(Beginning of The data)

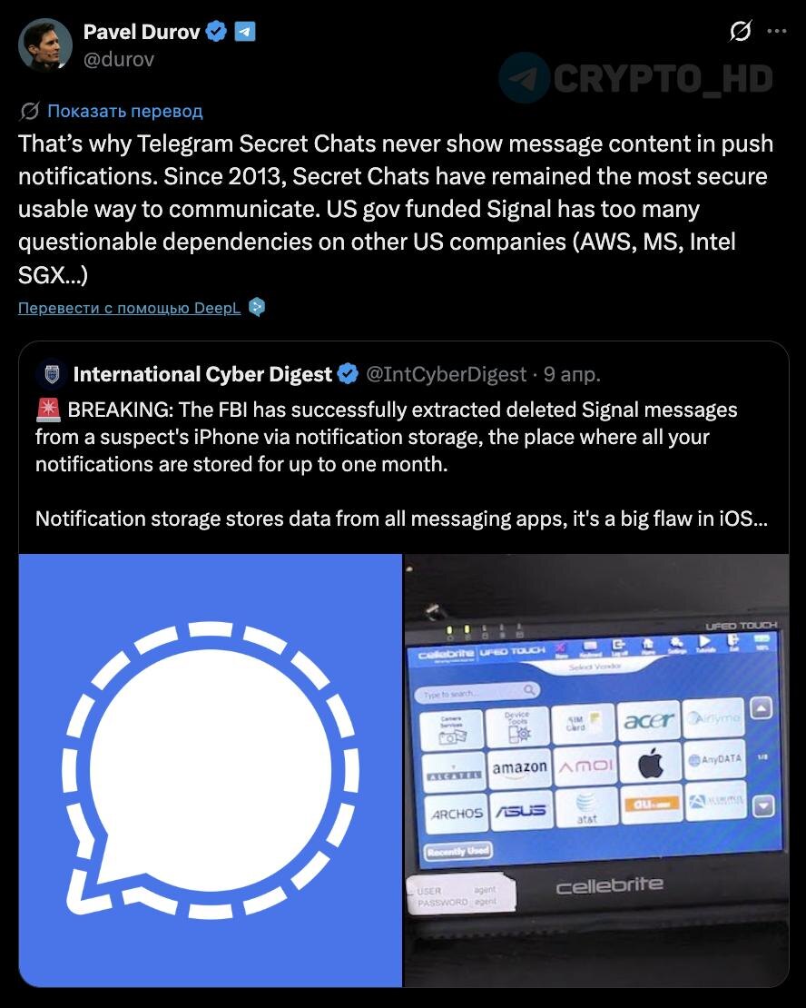 ✈️ Павел Дуров: Секретные чаты Telegram – самый безопасный способ общения с 2013 года. Содержимое сообщений в секретных чатах никогда не отображается в push-уведомлениях – это сделано специально для повышения приватности. При этом основатель Telegram раскритиковал Signal, отметив, что сервис, финансируемый правительством США, имеет «слишком много спорных зависимостей» от американских компаний (AWS, Microsoft, Intel SGX). Контекст: В ФБР смогли извлечь удаленные сообщения Signal с iPhone через хранилище уведомлений iOS, где данные могут сохраняться до одного месяца. Ранее: цифровое сопротивление Crypto Headlines
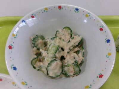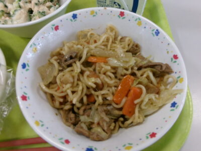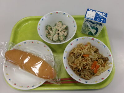 今日の給食は、小型コッペパン(横切り)、ツナときゅうりのサラダ、牛乳、具だくさん焼きそばでした。
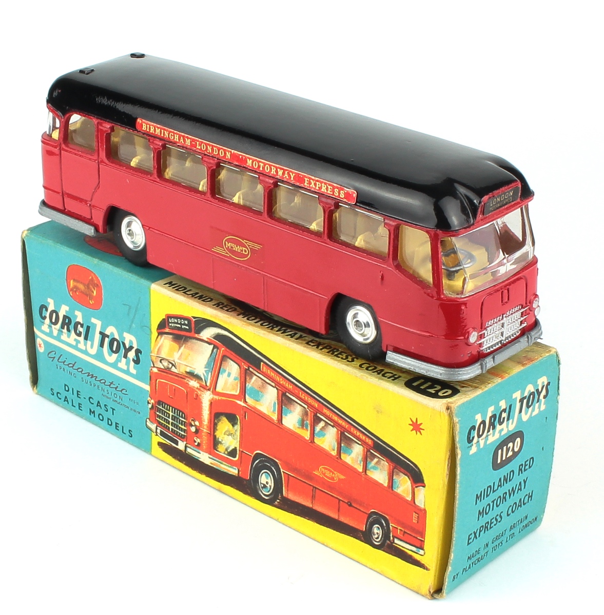 Corgi 1120 Midland Red Motorway Express Coach. Very near mint/boxed. Scarce late issue with shaped spun wheels in the END FLAP style box. From The Pennsylvanian Collection.
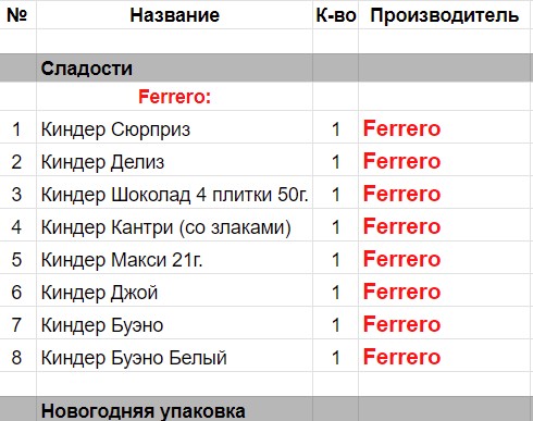 Опубликовано в Составы подарков
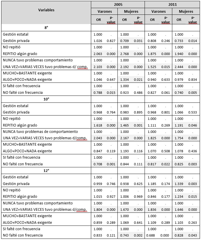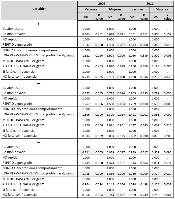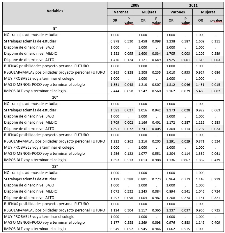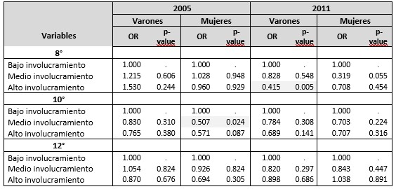 El no haber faltado con frecuencia al colegio cualquiera sea el motivo, implica disminuir la chance de consumo de bebidas alcohólicas en varones y mujeres, tanto en 2005 como en 2011, pero en relación al consumo binge tiene un alcance mayor en las mujeres que en los varones, tanto en 2005 como en 2011.
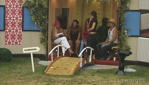 With evening upon both houses, the drama would begin. In the main house, the Housemates are gathered on the sofas in the living room, whilst next door Aisleyne is called to the Diary Room whilst Spiral and Jonathan sit on the House Next Door sofas. On the plasma screen in the main house, Jennie and the other Housemates can only watch as the evnts unfold. Big Brother informs Aisleyne that Jennie, Jayne, and Michael are in the main house, leading to smiles from Jennie and most of the other Housemates.
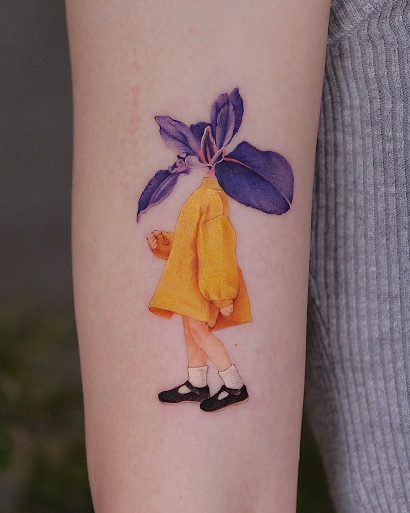 This tattoo features a whimsical design of a headless girl wearing a bright yellow dress, with vibrant purple leaves sprouting from her neck. It beautifully combines the innocence of childhood with elements of nature, creating a striking visual that tells a story. For those seeking unique tattoos ideas, consider how personal symbols can be blended with imaginative elements for a truly distinctive piece.
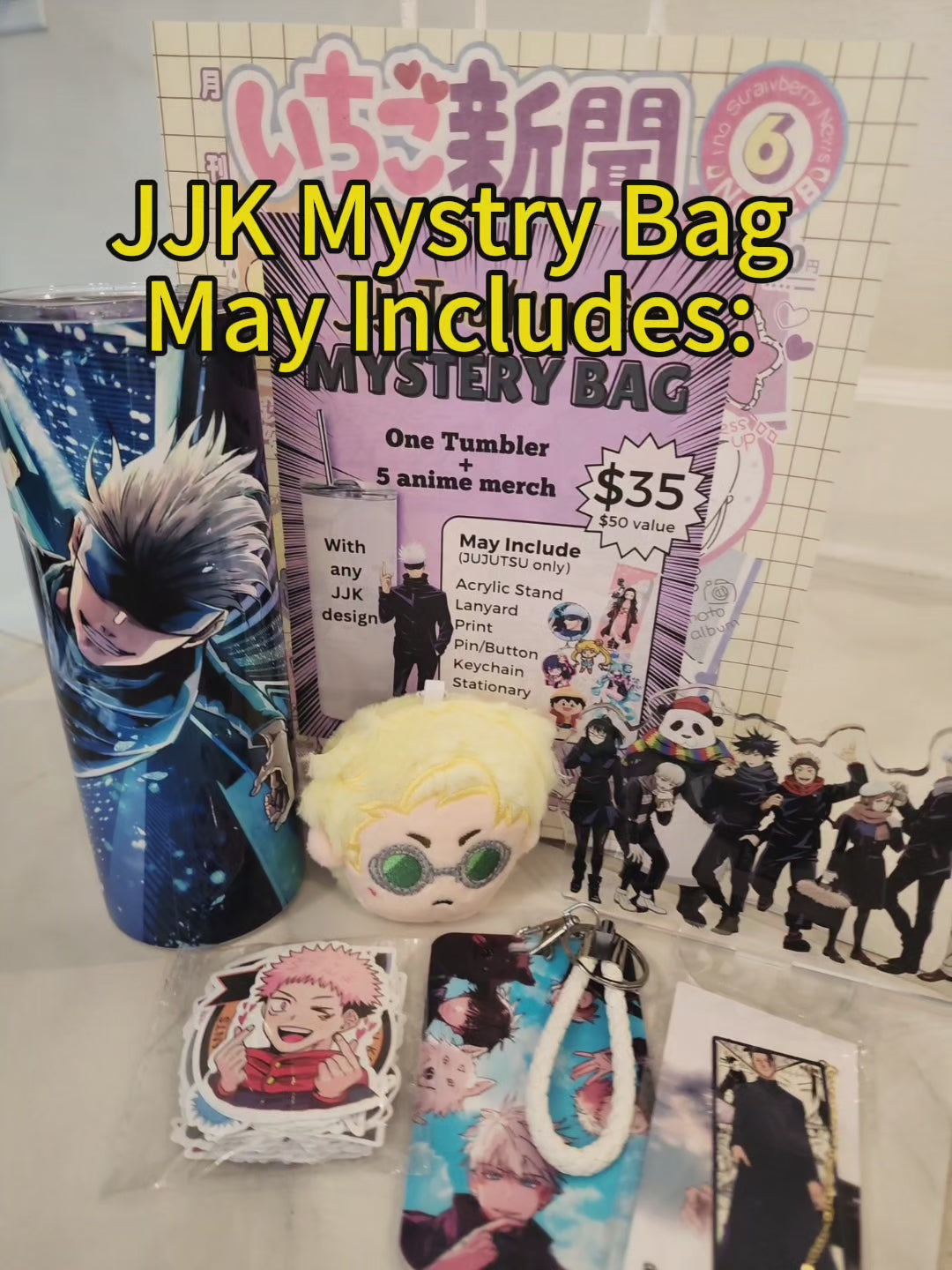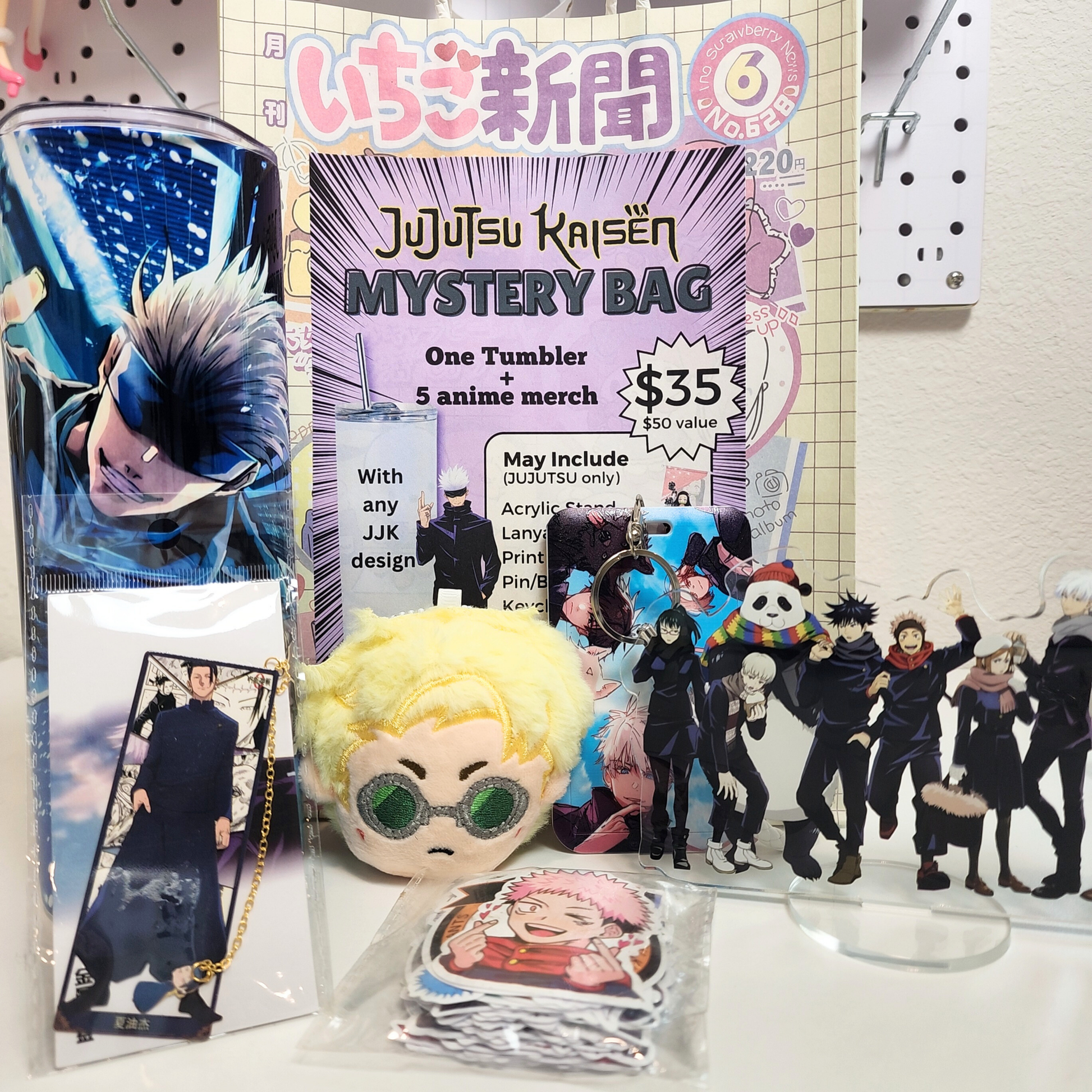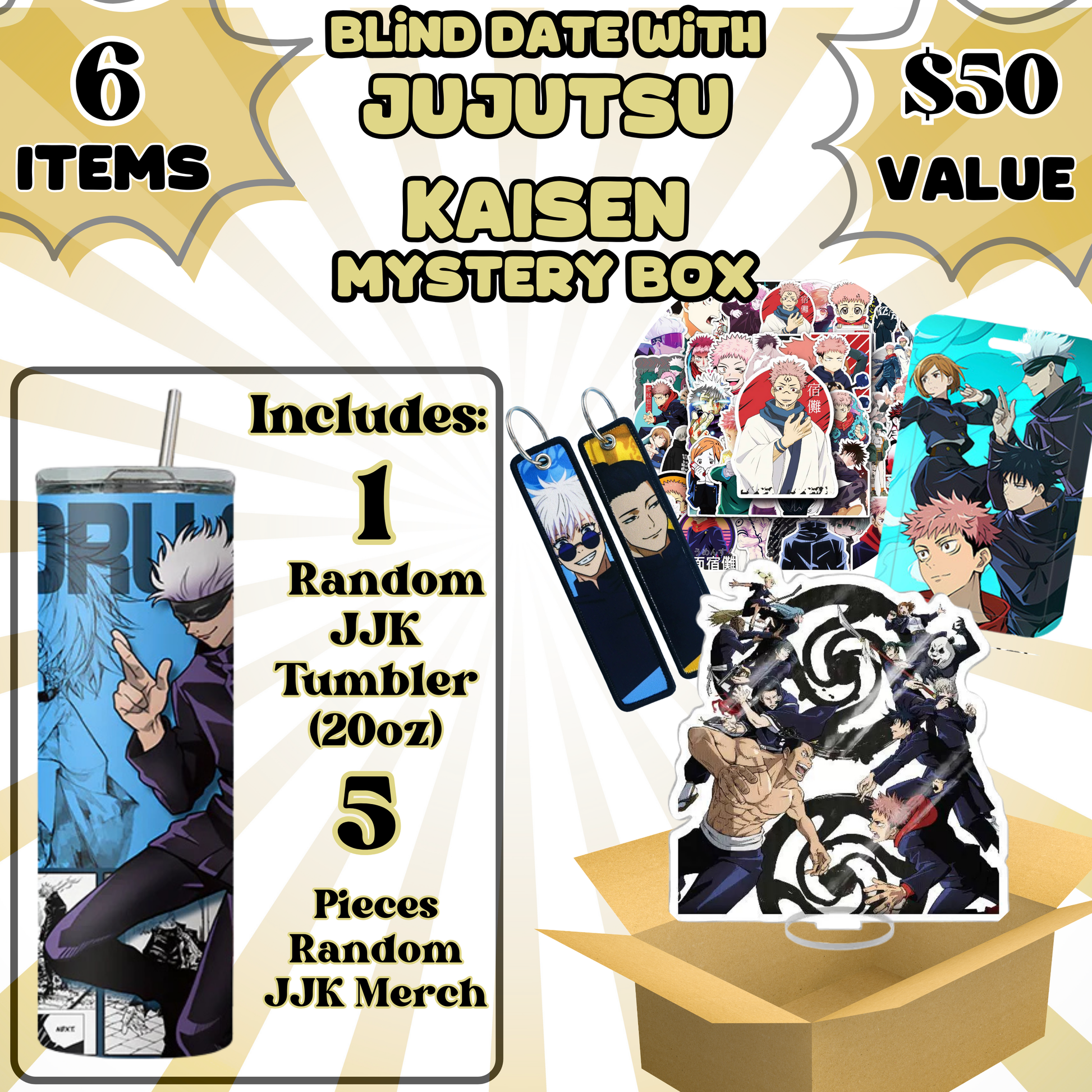 Blind Date with Jujutsu Kaisen Mystery Box – 20oz Tumbler + 5 Surprise Jujutsu Kaisen Merch Items
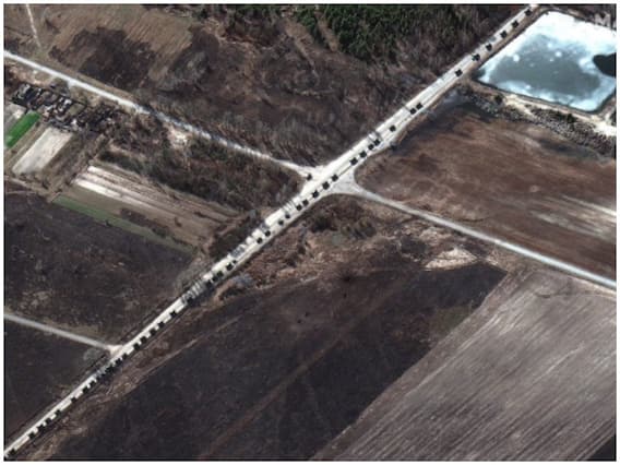 इन सैटेलाइट इमेज से पता चलता है कि रूसी सैनिक यूक्रेन पर कई मोर्चों पर हमला कर रहे हैं और कीव की तरफ आगे बढ़ रहे हैं. ये सैकड़ों बख्तरबंद गाड़ियों का काफिला है. इसमें कई टैंक हैं, हथियारों से लैस ट्रकों में तबाही का सामान लदा है.. ये लश्कर कीव से सिर्फ 25 किलोमीटर दूर है. इसके अलावा तस्वीर में कीव शहर के बाहर लड़ाई के निशान ही बाकी बचे दिख रहे हैं. तस्वीर में युद्ध में तबाही, एक टूटा हुआ पुल नजर आता है और कई नष्ट हो चुकी गाड़ियां दिख रही हैं.

(End of The data)

* Work order: With the pictures omitted, the entries are to be transcribed in full, exactly as they appear.

* Answer to this problem:
 ✈️ Павел Дуров: Секретные чаты Telegram – самый безопасный способ общения с 2013 года. Содержимое сообщений в секретных чатах никогда не отображается в push-уведомлениях – это сделано специально для повышения приватности. При этом основатель Telegram раскритиковал Signal, отметив, что сервис, финансируемый правительством США, имеет «слишком много спорных зависимостей» от американских компаний (AWS, Microsoft, Intel SGX). Контекст: В ФБР смогли извлечь удаленные сообщения Signal с iPhone через хранилище уведомлений iOS, где данные могут сохраняться до одного месяца. Ранее: цифровое сопротивление Crypto Headlines
 今日の給食は、小型コッペパン(横切り)、ツナときゅうりのサラダ、牛乳、具だくさん焼きそばでした。
 Corgi 1120 Midland Red Motorway Express Coach. Very near mint/boxed. Scarce late issue with shaped spun wheels in the END FLAP style box. From The Pennsylvanian Collection.
 Опубликовано в Составы подарков
 El no haber faltado con frecuencia al colegio cualquiera sea el motivo, implica disminuir la chance de consumo de bebidas alcohólicas en varones y mujeres, tanto en 2005 como en 2011, pero en relación al consumo binge tiene un alcance mayor en las mujeres que en los varones, tanto en 2005 como en 2011.
 With evening upon both houses, the drama would begin. In the main house, the Housemates are gathered on the sofas in the living room, whilst next door Aisleyne is called to the Diary Room whilst Spiral and Jonathan sit on the House Next Door sofas. On the plasma screen in the main house, Jennie and the other Housemates can only watch as the evnts unfold. Big Brother informs Aisleyne that Jennie, Jayne, and Michael are in the main house, leading to smiles from Jennie and most of the other Housemates.
 This tattoo features a whimsical design of a headless girl wearing a bright yellow dress, with vibrant purple leaves sprouting from her neck. It beautifully combines the innocence of childhood with elements of nature, creating a striking visual that tells a story. For those seeking unique tattoos ideas, consider how personal symbols can be blended with imaginative elements for a truly distinctive piece.
 Blind Date with Jujutsu Kaisen Mystery Box – 20oz Tumbler + 5 Surprise Jujutsu Kaisen Merch Items
 इन सैटेलाइट इमेज से पता चलता है कि रूसी सैनिक यूक्रेन पर कई मोर्चों पर हमला कर रहे हैं और कीव की तरफ आगे बढ़ रहे हैं. ये सैकड़ों बख्तरबंद गाड़ियों का काफिला है. इसमें कई टैंक हैं, हथियारों से लैस ट्रकों में तबाही का सामान लदा है.. ये लश्कर कीव से सिर्फ 25 किलोमीटर दूर है. इसके अलावा तस्वीर में कीव शहर के बाहर लड़ाई के निशान ही बाकी बचे दिख रहे हैं. तस्वीर में युद्ध में तबाही, एक टूटा हुआ पुल नजर आता है और कई नष्ट हो चुकी गाड़ियां दिख रही हैं.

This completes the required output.